Mind Control

calm

This is the first post of a series on meditation techniques and lessons.

“Can we turn within ourselves to study and understand, perhaps even control, the mind?”  – the Introduction to The Yoga Sutras of Patanjali

I have had a meditation practice for the last year.  I’ve never quite been able to be the everyday type of discipline person in many areas of my life.  I can say that everyday I brush my teeth at least once… and sometimes that is about all that feels constant.  But even as I’m inconsistent on a daily basis, there is a steady relationship that has grown over the last year as I’ve created some time to be quiet with myself.  I have learned how my mind works – what I put effort into, how I avoid stillness, how much I daydream or replay life.  These insights have allowed me to see my mind doing what it does – all day long! – and learn to add space, breath, and choice to what I do, say, and be.

As I begin, I like to find a quiet place to sit.  I have to put my dog in another room.  I have to make sure no one is going to need any answers or favors from me for the set time.  I set my timer on my phone (for 5-20 minutes) and then my phone on airplane mode so I’m not constantly concerned I’m going to be late to whatever is next… and I won’t be tempted by buzzing texts.  Some people like having quiet spa-like music on in the background.

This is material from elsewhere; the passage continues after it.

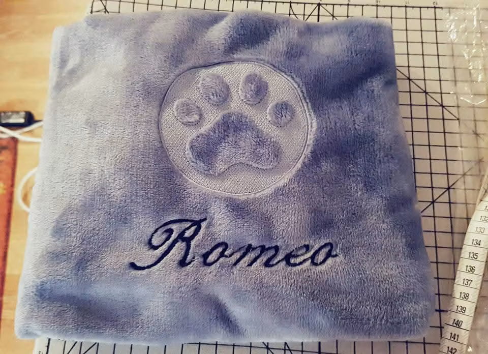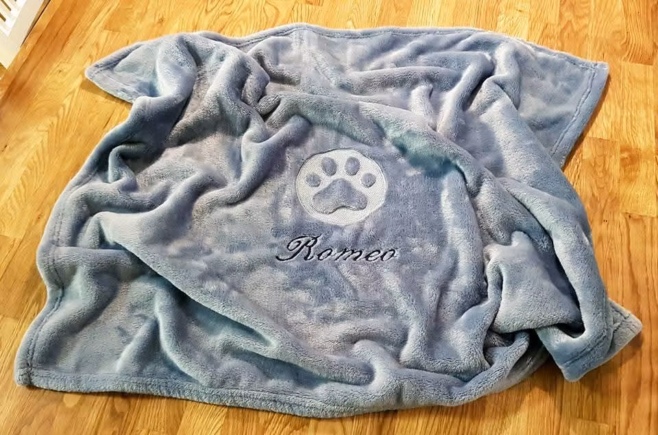 En härligt mjuk filt med din pälsklings namn och tassar broderade på.

Finding a comfortable seat isn’t always easy, either.  I find that sitting is most comfortable after I’ve done some stretching or yoga to move my hips and seat muscles and maybe open up my back so I’m able to sit tall comfortably.  In yoga (and other traditions), we take care of the body for the ultimate purpose of getting into our mind and Self.  So I take care of my body in preparation to spend some time with myself.  And then I grab a blanket to sit on, a pillow or support under my sitz bones, and I settle in to a comfortable seat and close my eyes.

Breathe in.  Breathe out.  Long, deep, and full inhales and exhales through my nose.  I start with my breath.  The physical experience of sitting and breathing.  How do I feel today?  What am I able to observe about my body?  I start in this tangible layer of my experience.  Then, after I settle in there, I take a look inside.  What thoughts am I having?  Can I invite them to come back later and then exhale them out one at a time?

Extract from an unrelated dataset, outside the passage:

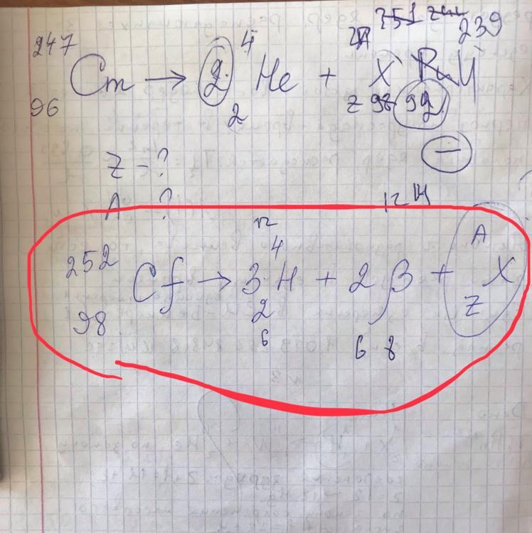 252/98Cf=>3*(4/2He)+2*(0/-1e)+240/94Pu

“The restraint of the modifications of the mind-stuff is Yoga” – Yoga Sutra 1.2

This practice of letting the stuff of our mind go is hard work!  Some days the quiet comes easily, others it is quite an effort to keep slowing myself down.  We aim for having minds that are clear and calm, like a beautiful lake, that can reflect clearly what is going on in ourselves and in our lives all the time.  This is a powerful tool!

And… as I calm my mind lake, I learn a lot about myself right now.  I learn that I avoid stillness and quiet with myself by becoming a planner of my day.  Are there times when I am uncomfortable with the stillness needed in a conversation that I jump to planning instead of being present?  I learn that I replay what happened in my day again and shame myself for what I said wrong.  I learn that I wishfully daydream about how much I’ll get done once I’m done meditating!  Both of these experiences are like realizing that I’m watching a movie – that I made up!

Meditation for cancer survivors or caregivers is a powerful calming technique when so much feels out of our control.

What do you learn about how you respond to stillness and quiet?  What do you avoid about being with yourself?  Who are you being towards yourself?  And no judgment!